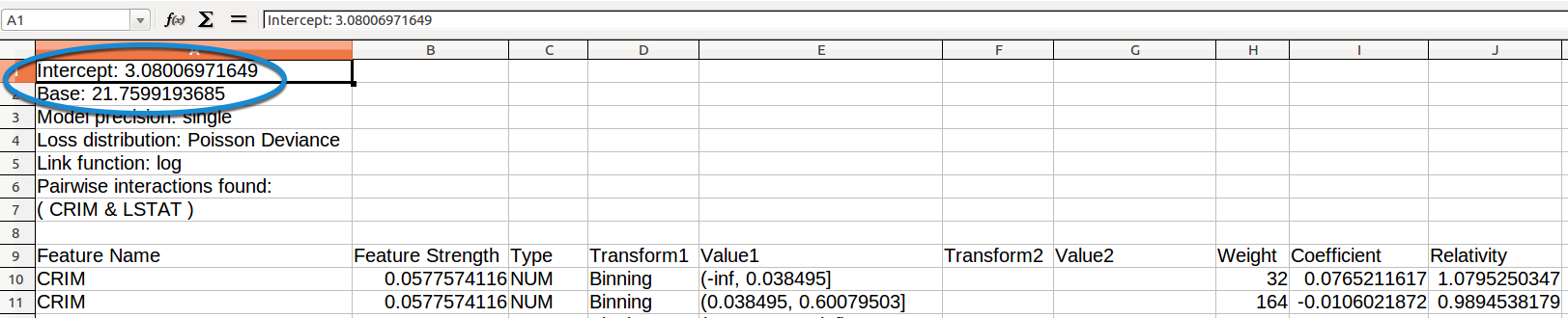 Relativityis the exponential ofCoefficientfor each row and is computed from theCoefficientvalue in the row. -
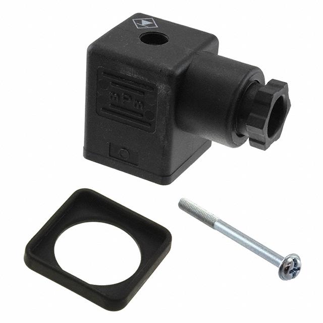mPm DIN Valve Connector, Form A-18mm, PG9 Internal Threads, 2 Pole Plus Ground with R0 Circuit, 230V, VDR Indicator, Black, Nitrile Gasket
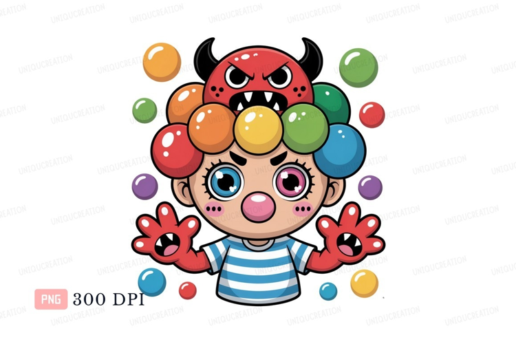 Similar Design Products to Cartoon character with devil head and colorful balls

__Work task__:
Output only the lines from the start of the data through the line that holds "mPm DIN Valve". Keep them exact and leave the pictures out.

__Written reply__:
 Relativityis the exponential ofCoefficientfor each row and is computed from theCoefficientvalue in the row. -
mPm DIN Valve Connector, Form A-18mm, PG9 Internal Threads, 2 Pole Plus Ground with R0 Circuit, 230V, VDR Indicator, Black, Nitrile Gasket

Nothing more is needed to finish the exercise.